In 1808, Napoleon decided to produce a map intended to be more accurate than that of Cassini. However, Napoleon demanded that the primary goal of the work was to produce battlefield maps.

The triangulation for this new map began also from the Paris meridian arc or French meridian line (French: Méridienne de France) surveyed this time by Delambre and Méchain (the meridian arc of Delambre and Méchain). Work on this map took place between 1817 and 1866. During this period several different scales were tested, with the scale 1:80,000 being chosen. This became known as the "Geological Survey" map. The funding for this work was provided by the Department of War. The first work was done by the Dépôt de la guerre, and later by the Geographical Service of the Army, whose first director General François Perrier and his successor General Bassot remeasured the French meridian arc.

It was originally produced as a mosaic of maps, pasted to fabric, folded and protected by a hard case. This allowed it to be transported with the army, and to survive the rigors of ground combat.

At the beginning of the First World War (1914–1918), the difficulties of reading a map on this scale led the generals to request new map drawn to the 1:50 000 scale. This was more convenient, and practical, since one metre on the map equaled 50 kilometres. These new maps formed the basis for the current "Map of Excursion", which is at a scale of 1:25,000.

== IGN ==

The Institut géographique national (English: National Geographic Institute) or IGN is a French public state administrative establishment founded in 1940[1] to produce and maintain geographical information for France and its overseas departments and territories.

“Intense cartographic work planned for the beginning of the war was stopped by the defeat of France in June 1940. Shortly afterward the great map service known to the world as the Service Géographique de l’Armée Française was demilitarized and renamed Institut National Géographique.
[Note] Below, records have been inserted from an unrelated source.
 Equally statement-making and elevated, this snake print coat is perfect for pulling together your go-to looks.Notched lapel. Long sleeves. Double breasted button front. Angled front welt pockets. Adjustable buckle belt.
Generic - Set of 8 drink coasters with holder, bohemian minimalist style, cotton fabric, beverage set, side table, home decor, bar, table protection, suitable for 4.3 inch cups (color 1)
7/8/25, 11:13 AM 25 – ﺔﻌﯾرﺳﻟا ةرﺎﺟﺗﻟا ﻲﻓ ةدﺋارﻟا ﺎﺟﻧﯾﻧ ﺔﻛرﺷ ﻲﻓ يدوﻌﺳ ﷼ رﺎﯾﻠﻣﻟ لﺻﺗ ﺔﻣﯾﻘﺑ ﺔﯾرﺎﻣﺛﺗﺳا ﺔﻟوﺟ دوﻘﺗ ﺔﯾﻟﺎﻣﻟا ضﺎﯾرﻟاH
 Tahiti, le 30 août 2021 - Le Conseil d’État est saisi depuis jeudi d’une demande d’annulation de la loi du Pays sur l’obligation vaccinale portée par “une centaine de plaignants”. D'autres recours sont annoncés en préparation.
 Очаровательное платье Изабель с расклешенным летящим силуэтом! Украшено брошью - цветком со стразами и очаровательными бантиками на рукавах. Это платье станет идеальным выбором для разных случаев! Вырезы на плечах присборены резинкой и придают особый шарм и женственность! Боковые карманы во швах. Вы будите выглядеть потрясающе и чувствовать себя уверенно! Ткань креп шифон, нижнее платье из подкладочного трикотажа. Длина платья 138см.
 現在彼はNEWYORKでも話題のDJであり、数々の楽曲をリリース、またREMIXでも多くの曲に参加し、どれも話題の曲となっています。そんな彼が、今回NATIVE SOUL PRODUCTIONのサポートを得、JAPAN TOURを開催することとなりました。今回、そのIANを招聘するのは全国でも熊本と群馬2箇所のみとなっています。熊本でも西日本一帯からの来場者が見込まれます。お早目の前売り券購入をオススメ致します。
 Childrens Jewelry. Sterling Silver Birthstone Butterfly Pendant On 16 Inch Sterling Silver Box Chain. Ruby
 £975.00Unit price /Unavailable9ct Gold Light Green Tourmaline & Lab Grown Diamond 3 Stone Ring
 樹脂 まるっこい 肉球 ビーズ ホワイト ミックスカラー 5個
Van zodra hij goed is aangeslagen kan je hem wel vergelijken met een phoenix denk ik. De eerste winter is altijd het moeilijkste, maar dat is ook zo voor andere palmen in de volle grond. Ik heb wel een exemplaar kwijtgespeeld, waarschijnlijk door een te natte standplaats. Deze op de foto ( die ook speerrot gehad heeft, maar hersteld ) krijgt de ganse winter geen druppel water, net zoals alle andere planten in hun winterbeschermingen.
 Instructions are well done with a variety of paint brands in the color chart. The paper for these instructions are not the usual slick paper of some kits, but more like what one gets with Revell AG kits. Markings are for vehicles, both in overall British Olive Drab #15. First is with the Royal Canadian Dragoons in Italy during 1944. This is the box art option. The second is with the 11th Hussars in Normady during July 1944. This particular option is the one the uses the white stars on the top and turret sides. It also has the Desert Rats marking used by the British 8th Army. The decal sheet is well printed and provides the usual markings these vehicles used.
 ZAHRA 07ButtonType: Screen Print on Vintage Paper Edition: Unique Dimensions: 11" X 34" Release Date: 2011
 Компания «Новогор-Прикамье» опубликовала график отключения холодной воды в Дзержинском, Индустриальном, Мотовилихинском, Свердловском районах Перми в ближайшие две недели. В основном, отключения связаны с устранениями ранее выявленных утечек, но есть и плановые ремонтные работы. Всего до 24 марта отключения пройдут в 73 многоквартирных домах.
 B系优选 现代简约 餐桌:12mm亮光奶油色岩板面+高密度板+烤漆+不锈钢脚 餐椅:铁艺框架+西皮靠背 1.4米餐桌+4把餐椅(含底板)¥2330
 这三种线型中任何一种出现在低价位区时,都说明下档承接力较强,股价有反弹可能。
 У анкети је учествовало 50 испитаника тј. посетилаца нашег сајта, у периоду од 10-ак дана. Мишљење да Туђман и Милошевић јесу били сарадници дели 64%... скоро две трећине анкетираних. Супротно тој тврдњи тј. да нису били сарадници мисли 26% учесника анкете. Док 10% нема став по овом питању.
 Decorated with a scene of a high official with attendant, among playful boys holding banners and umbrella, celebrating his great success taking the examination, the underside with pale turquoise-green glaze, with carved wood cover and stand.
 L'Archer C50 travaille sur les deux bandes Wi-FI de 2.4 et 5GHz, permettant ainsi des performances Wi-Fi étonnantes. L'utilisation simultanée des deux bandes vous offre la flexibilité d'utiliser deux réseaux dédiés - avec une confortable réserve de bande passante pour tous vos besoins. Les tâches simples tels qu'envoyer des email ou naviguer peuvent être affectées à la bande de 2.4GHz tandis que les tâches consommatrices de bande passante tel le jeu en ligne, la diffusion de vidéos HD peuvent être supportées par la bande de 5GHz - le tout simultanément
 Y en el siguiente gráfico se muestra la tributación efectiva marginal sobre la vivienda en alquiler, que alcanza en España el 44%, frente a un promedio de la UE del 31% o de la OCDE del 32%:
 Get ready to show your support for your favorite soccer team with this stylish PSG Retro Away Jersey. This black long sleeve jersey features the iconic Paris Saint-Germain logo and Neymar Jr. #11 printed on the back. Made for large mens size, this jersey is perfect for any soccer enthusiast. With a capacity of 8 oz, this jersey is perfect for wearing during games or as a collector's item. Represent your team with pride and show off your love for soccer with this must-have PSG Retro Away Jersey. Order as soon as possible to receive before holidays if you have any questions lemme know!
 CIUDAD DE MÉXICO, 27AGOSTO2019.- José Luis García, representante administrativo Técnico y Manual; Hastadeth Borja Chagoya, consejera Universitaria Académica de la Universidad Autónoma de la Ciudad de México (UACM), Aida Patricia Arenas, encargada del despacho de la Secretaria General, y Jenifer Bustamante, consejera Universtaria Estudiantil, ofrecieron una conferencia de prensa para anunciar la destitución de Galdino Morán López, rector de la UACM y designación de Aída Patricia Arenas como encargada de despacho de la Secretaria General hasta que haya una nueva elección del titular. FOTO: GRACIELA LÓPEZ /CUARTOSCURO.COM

Under this label, which it still bears, it continued to function, its activities including the opening of a new school for cartographers in the famous building of the Hôtel de Rohan in Paris. A few more sheets of the 1:50,000 map of France were published. The main progress was achieved by the African Army Map Service, which was able to pursue field work, particularly in the Sahara. The list of maps of French Africa have lengthened notably."